## The task:
In the entries that follow, locate the line with "Готовi прийняти виклик?", then restate that line and all later lines exactly as they appear, leaving pictures out.

## Supplied information:
Content starts

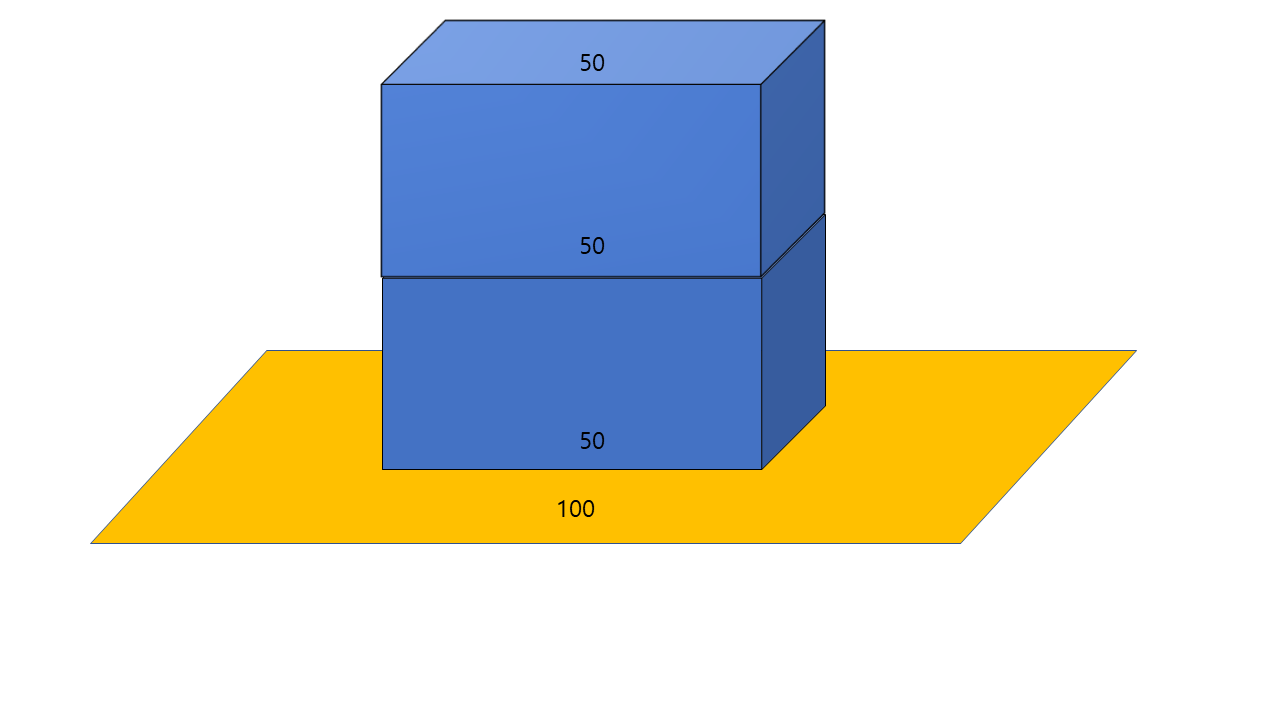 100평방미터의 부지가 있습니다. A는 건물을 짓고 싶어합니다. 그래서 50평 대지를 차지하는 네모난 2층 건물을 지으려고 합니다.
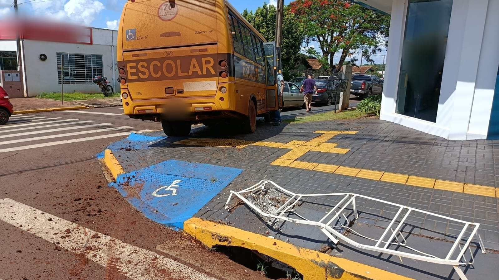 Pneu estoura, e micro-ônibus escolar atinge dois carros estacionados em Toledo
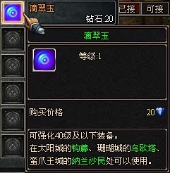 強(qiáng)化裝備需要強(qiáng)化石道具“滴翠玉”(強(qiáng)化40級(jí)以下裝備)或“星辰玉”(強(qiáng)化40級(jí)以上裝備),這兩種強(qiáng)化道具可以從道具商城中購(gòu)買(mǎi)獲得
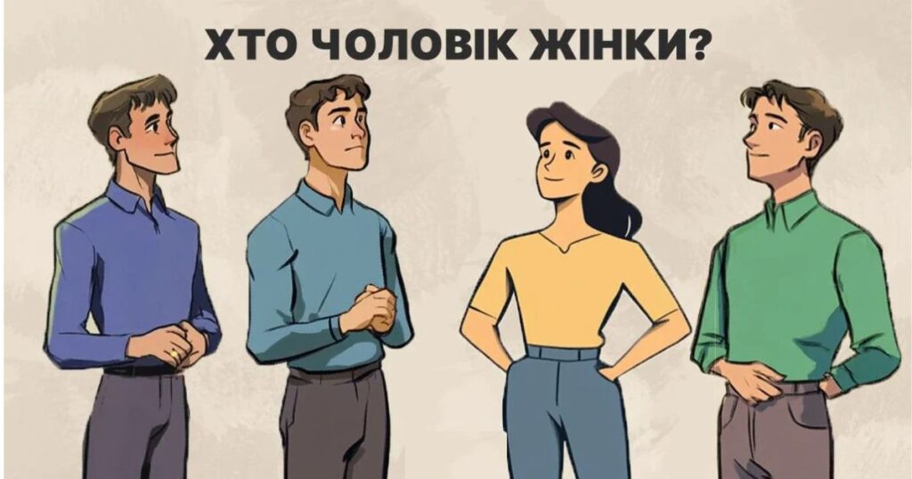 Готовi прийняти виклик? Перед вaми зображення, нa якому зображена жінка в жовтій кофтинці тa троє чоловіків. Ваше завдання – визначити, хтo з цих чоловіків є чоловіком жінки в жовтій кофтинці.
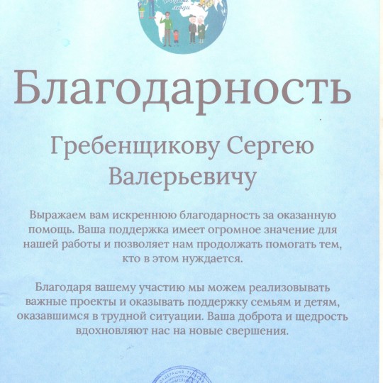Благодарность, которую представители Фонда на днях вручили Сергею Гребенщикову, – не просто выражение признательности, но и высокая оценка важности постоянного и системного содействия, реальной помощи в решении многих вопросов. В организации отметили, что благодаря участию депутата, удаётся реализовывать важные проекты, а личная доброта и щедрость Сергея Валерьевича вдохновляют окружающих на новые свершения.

Content ends

## Your solution:
 Готовi прийняти виклик? Перед вaми зображення, нa якому зображена жінка в жовтій кофтинці тa троє чоловіків. Ваше завдання – визначити, хтo з цих чоловіків є чоловіком жінки в жовтій кофтинці.
Благодарность, которую представители Фонда на днях вручили Сергею Гребенщикову, – не просто выражение признательности, но и высокая оценка важности постоянного и системного содействия, реальной помощи в решении многих вопросов. В организации отметили, что благодаря участию депутата, удаётся реализовывать важные проекты, а личная доброта и щедрость Сергея Валерьевича вдохновляют окружающих на новые свершения.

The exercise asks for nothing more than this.